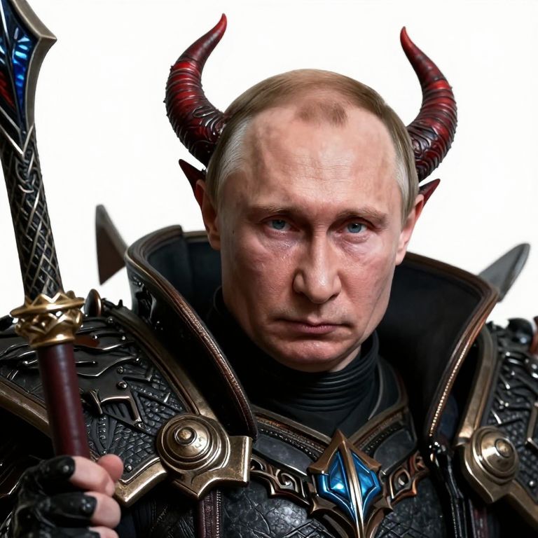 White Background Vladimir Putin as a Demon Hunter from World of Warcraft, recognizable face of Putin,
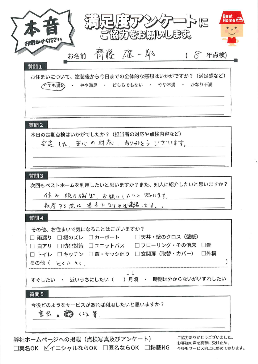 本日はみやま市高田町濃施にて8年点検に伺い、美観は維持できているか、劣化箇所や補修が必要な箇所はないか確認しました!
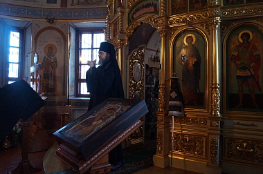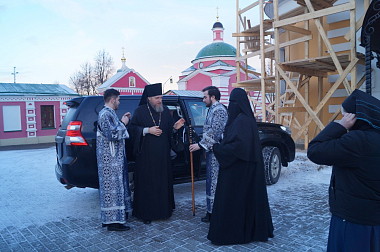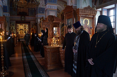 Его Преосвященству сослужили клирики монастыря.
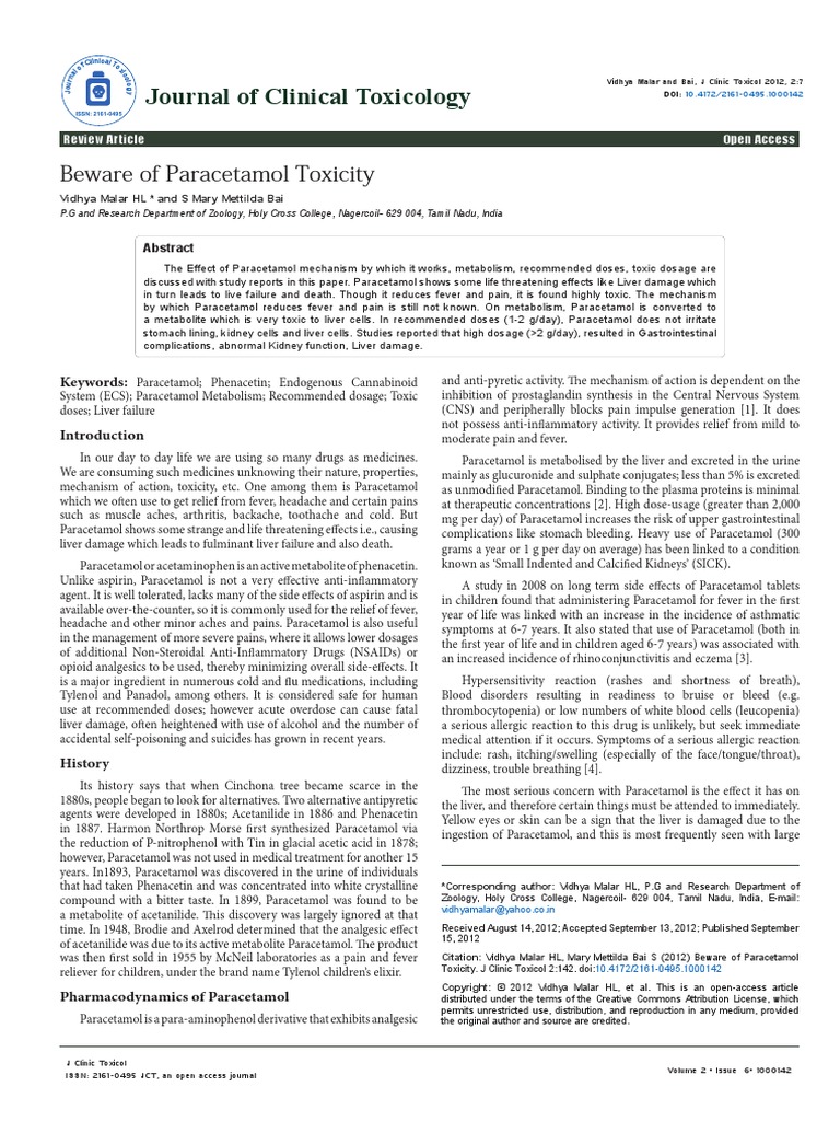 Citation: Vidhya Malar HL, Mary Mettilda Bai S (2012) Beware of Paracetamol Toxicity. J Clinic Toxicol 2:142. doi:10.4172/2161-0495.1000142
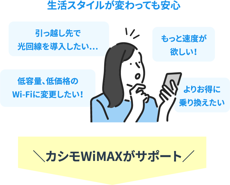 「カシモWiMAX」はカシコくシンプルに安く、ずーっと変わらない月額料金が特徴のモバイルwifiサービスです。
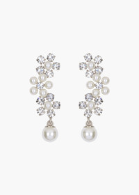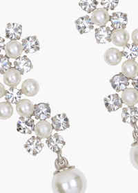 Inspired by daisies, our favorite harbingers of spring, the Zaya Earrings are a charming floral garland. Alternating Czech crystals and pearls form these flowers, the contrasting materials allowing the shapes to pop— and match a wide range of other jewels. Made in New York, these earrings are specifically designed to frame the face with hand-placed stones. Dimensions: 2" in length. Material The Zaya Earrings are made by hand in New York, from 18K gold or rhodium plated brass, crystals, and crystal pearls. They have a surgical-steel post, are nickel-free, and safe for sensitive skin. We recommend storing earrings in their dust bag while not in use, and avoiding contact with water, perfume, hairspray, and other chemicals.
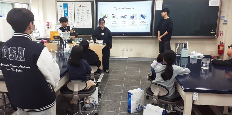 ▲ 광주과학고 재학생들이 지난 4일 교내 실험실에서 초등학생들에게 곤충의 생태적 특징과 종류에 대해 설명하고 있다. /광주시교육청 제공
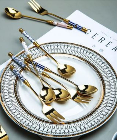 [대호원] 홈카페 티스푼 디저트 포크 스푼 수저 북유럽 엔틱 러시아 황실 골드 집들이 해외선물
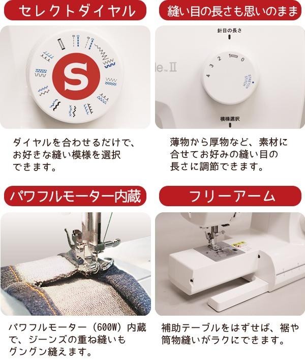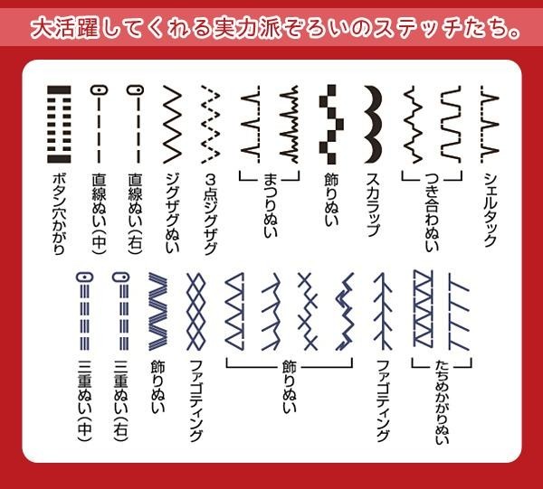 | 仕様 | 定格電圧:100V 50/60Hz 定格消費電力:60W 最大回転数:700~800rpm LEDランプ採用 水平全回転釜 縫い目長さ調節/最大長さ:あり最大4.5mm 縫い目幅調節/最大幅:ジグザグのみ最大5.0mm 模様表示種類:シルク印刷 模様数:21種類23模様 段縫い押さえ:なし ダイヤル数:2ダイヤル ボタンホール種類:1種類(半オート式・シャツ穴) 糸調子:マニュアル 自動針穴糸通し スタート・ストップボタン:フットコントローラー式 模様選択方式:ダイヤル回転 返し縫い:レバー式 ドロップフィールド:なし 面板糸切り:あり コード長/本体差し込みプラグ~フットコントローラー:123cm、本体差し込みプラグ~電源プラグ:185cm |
....
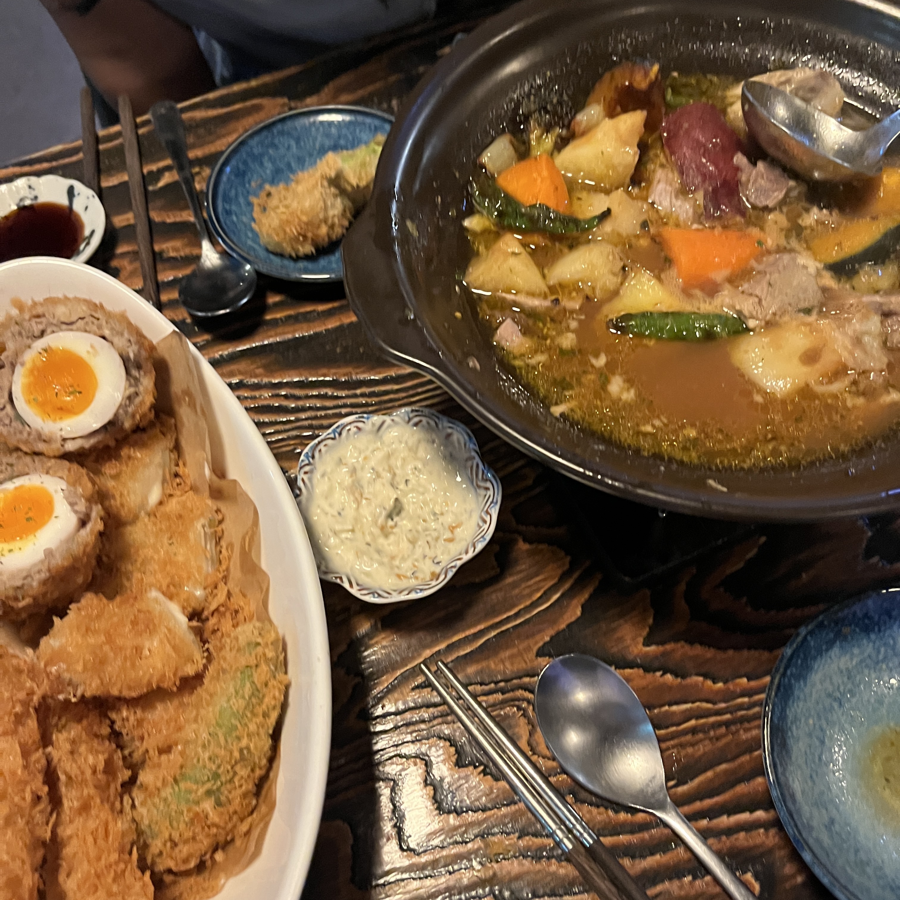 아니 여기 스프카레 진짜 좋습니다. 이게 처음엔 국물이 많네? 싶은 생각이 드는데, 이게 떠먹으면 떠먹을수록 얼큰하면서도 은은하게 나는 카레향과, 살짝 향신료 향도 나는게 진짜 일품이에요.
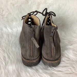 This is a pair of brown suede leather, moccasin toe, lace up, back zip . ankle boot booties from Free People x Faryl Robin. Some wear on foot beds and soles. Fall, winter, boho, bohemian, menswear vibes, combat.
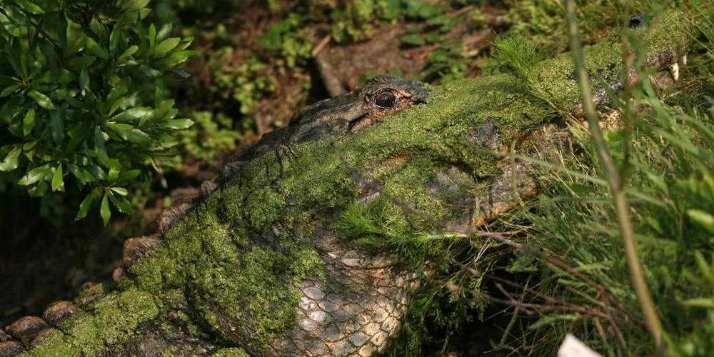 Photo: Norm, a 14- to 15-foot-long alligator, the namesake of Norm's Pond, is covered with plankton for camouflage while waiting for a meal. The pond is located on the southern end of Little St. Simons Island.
....
### Task statement
Within the listing above, the stretch from the line with "White Background Vladimir" down to the line with "Его Преосвященству сослужили" is to be given again exactly, end lines included and pictures excluded.

### Exercise result
 White Background Vladimir Putin as a Demon Hunter from World of Warcraft, recognizable face of Putin,
 本日はみやま市高田町濃施にて8年点検に伺い、美観は維持できているか、劣化箇所や補修が必要な箇所はないか確認しました!
 Его Преосвященству сослужили клирики монастыря.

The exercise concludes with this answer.